What state_dict to save for model fine-tuning

nicozhou · September 9, 2021, 1:05pm

Hi, I am training a model with synthetic data and wish to fine-tune it with my real-dataset. So, what state_dict should I save for continue training with my real-dataset?

Does saving model.state_dict is enough for fine-tuning? Or should I save optimizer.state_dict too?

ptrblck · September 9, 2021, 11:42pm

For a general fine-tuning use case, storing the model.state_dict() might be sufficient, as it’s also done when you are trying to fine-tune e.g. the torchvision models (you can’t load the optimizer.state_dict() as they are not available).
However, if you would like to “continue” the training, then you should store the optimizer.state_dict() as well (additionally, you might also want to store the learning rate scheduler’s state_dict if used).

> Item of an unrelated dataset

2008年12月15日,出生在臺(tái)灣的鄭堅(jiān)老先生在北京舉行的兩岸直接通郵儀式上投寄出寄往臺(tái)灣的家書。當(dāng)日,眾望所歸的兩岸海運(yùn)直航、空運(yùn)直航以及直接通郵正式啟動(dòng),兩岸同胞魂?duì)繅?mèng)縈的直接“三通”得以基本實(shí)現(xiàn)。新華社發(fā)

nicozhou · September 10, 2021, 7:07am

Thanks for the answer, I am curious does loading optimizer.state_dict() will make huge difference? Because I found no different between loading and not loading optimizer.state_dict in both fine-tuning and ‘continue’ training.

ptrblck · September 10, 2021, 7:26am

If the optimizer has internal states (e.g. such as Adam) I would claim you should see a difference.

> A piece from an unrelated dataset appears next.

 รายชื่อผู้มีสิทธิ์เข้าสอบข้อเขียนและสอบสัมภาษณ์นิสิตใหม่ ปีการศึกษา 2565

nicozhou · September 10, 2021, 7:30am

I see, maybe in my case there is no significant difference. But I still have one question in mind, is it a good practice to load model.state_dict and optimizer.state_dict to do fine-tuning on other dataset? Which is like the “continue” training do.

banton · November 28, 2022, 1:42pm

Were you able to find an answer to this question anywhere?